Records excerpted from a collection:
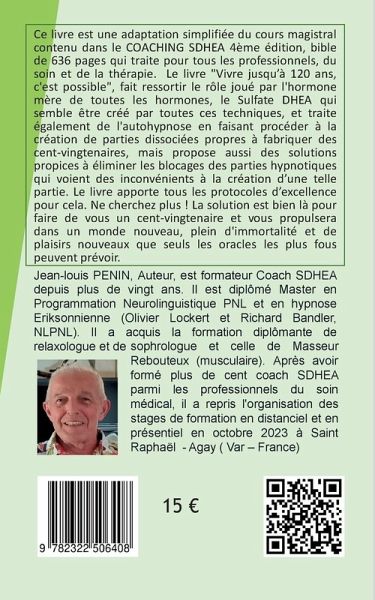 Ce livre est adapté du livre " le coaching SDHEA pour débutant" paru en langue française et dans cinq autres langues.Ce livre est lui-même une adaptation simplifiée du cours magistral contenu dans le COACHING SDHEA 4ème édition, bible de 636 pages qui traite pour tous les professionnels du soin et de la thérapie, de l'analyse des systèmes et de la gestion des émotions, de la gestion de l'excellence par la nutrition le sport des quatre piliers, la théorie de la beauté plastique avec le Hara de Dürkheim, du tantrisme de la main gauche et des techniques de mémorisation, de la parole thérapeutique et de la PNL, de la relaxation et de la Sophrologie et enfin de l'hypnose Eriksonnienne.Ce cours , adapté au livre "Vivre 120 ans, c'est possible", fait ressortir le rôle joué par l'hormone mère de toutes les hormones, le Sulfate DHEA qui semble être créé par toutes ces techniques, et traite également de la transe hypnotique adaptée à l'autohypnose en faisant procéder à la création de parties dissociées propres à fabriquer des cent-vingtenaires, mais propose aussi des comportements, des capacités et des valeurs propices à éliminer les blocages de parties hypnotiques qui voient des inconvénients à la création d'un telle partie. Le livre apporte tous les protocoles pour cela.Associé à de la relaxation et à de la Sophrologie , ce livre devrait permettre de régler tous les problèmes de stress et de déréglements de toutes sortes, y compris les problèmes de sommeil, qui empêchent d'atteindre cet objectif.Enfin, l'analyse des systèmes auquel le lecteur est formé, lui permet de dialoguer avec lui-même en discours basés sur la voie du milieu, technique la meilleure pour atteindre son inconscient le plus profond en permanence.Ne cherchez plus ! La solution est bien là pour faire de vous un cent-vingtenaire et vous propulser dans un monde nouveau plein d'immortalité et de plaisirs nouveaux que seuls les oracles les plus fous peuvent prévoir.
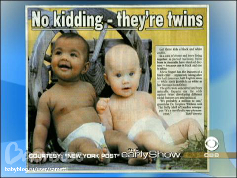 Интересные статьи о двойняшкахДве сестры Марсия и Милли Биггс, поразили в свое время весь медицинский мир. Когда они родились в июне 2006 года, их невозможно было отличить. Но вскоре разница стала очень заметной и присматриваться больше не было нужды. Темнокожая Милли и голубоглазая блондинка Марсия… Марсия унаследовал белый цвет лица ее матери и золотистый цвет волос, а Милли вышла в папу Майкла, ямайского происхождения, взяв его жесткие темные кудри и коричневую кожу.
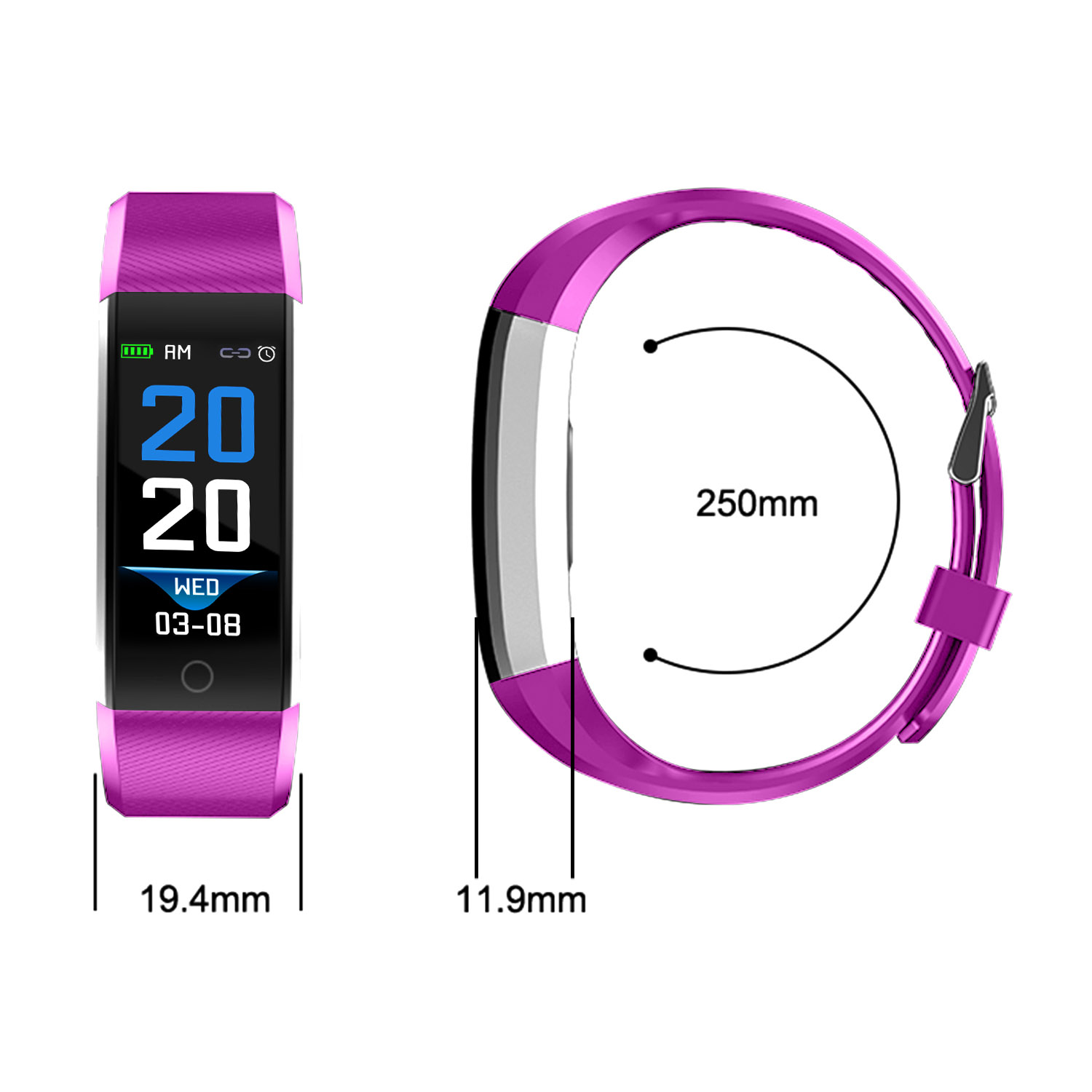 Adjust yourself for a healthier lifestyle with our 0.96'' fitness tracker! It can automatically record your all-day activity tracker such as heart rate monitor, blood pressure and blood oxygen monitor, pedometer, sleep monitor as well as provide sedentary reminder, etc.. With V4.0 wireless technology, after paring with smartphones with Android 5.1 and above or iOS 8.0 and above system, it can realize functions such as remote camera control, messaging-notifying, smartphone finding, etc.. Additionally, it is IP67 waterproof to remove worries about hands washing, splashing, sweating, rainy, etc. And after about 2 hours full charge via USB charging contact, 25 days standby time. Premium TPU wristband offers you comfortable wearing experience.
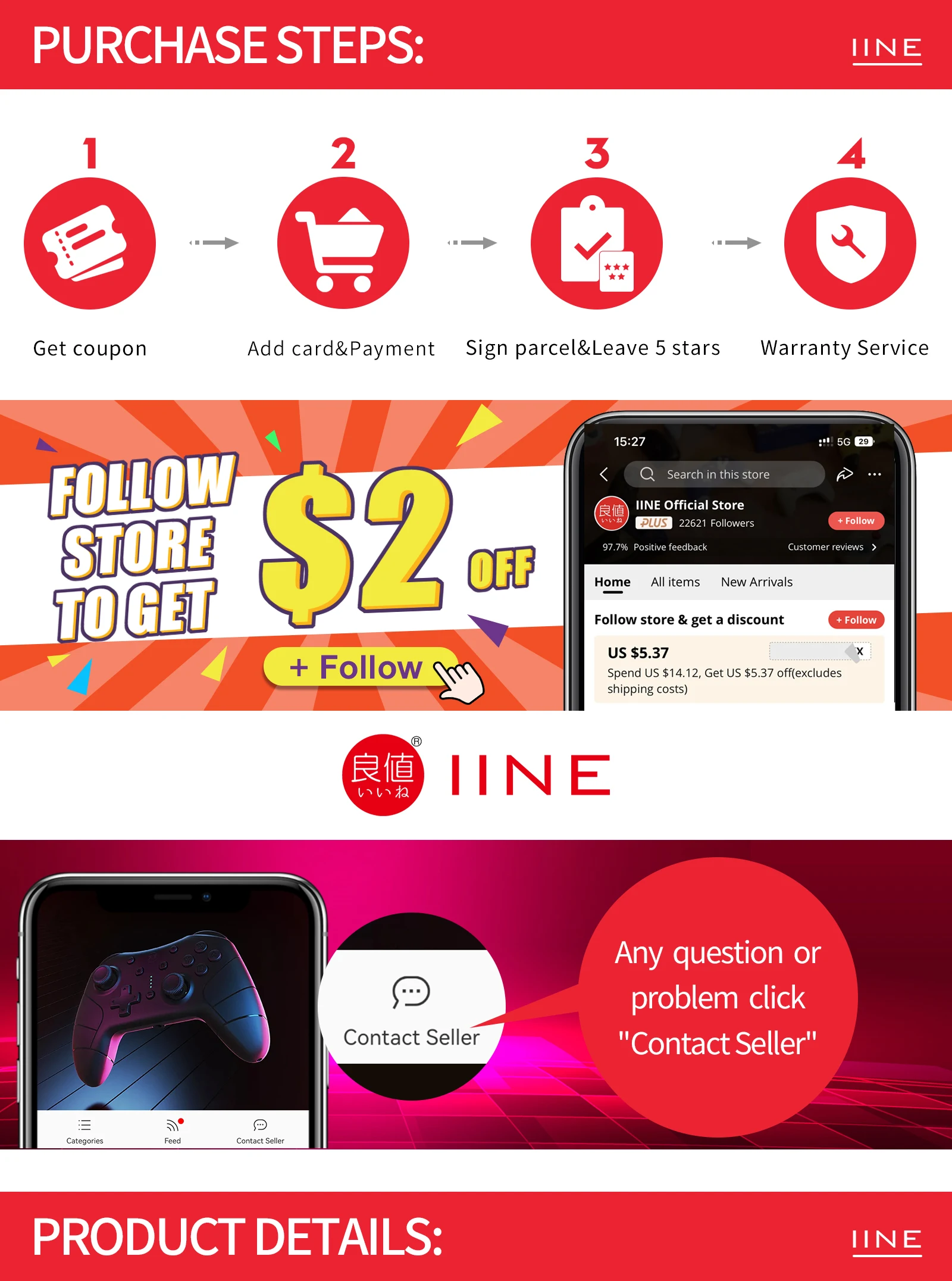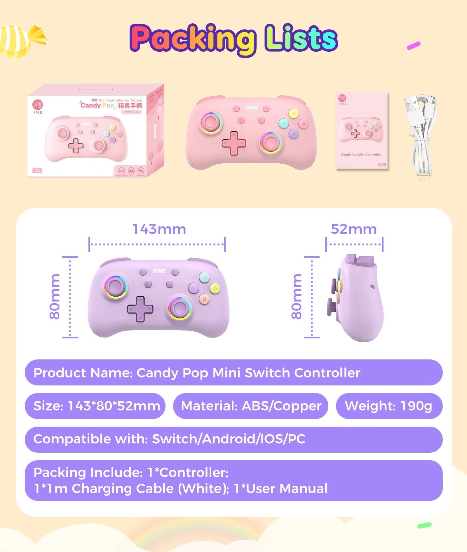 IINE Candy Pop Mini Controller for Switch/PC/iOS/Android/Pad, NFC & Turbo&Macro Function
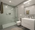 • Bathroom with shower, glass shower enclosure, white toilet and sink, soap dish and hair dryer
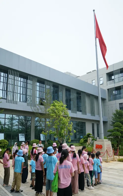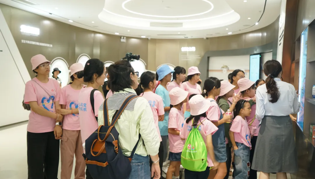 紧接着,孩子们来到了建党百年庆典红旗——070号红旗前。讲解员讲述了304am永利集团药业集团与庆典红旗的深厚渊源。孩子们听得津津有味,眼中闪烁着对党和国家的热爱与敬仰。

• [Exercise]: Where an entry holds a picture, leave the picture out and output the rest exactly.

• [Response]:
 Ce livre est adapté du livre " le coaching SDHEA pour débutant" paru en langue française et dans cinq autres langues.Ce livre est lui-même une adaptation simplifiée du cours magistral contenu dans le COACHING SDHEA 4ème édition, bible de 636 pages qui traite pour tous les professionnels du soin et de la thérapie, de l'analyse des systèmes et de la gestion des émotions, de la gestion de l'excellence par la nutrition le sport des quatre piliers, la théorie de la beauté plastique avec le Hara de Dürkheim, du tantrisme de la main gauche et des techniques de mémorisation, de la parole thérapeutique et de la PNL, de la relaxation et de la Sophrologie et enfin de l'hypnose Eriksonnienne.Ce cours , adapté au livre "Vivre 120 ans, c'est possible", fait ressortir le rôle joué par l'hormone mère de toutes les hormones, le Sulfate DHEA qui semble être créé par toutes ces techniques, et traite également de la transe hypnotique adaptée à l'autohypnose en faisant procéder à la création de parties dissociées propres à fabriquer des cent-vingtenaires, mais propose aussi des comportements, des capacités et des valeurs propices à éliminer les blocages de parties hypnotiques qui voient des inconvénients à la création d'un telle partie. Le livre apporte tous les protocoles pour cela.Associé à de la relaxation et à de la Sophrologie , ce livre devrait permettre de régler tous les problèmes de stress et de déréglements de toutes sortes, y compris les problèmes de sommeil, qui empêchent d'atteindre cet objectif.Enfin, l'analyse des systèmes auquel le lecteur est formé, lui permet de dialoguer avec lui-même en discours basés sur la voie du milieu, technique la meilleure pour atteindre son inconscient le plus profond en permanence.Ne cherchez plus ! La solution est bien là pour faire de vous un cent-vingtenaire et vous propulser dans un monde nouveau plein d'immortalité et de plaisirs nouveaux que seuls les oracles les plus fous peuvent prévoir.
 Интересные статьи о двойняшкахДве сестры Марсия и Милли Биггс, поразили в свое время весь медицинский мир. Когда они родились в июне 2006 года, их невозможно было отличить. Но вскоре разница стала очень заметной и присматриваться больше не было нужды. Темнокожая Милли и голубоглазая блондинка Марсия… Марсия унаследовал белый цвет лица ее матери и золотистый цвет волос, а Милли вышла в папу Майкла, ямайского происхождения, взяв его жесткие темные кудри и коричневую кожу.
 Adjust yourself for a healthier lifestyle with our 0.96'' fitness tracker! It can automatically record your all-day activity tracker such as heart rate monitor, blood pressure and blood oxygen monitor, pedometer, sleep monitor as well as provide sedentary reminder, etc.. With V4.0 wireless technology, after paring with smartphones with Android 5.1 and above or iOS 8.0 and above system, it can realize functions such as remote camera control, messaging-notifying, smartphone finding, etc.. Additionally, it is IP67 waterproof to remove worries about hands washing, splashing, sweating, rainy, etc. And after about 2 hours full charge via USB charging contact, 25 days standby time. Premium TPU wristband offers you comfortable wearing experience.
 IINE Candy Pop Mini Controller for Switch/PC/iOS/Android/Pad, NFC & Turbo&Macro Function
 • Bathroom with shower, glass shower enclosure, white toilet and sink, soap dish and hair dryer
 紧接着,孩子们来到了建党百年庆典红旗——070号红旗前。讲解员讲述了304am永利集团药业集团与庆典红旗的深厚渊源。孩子们听得津津有味,眼中闪烁着对党和国家的热爱与敬仰。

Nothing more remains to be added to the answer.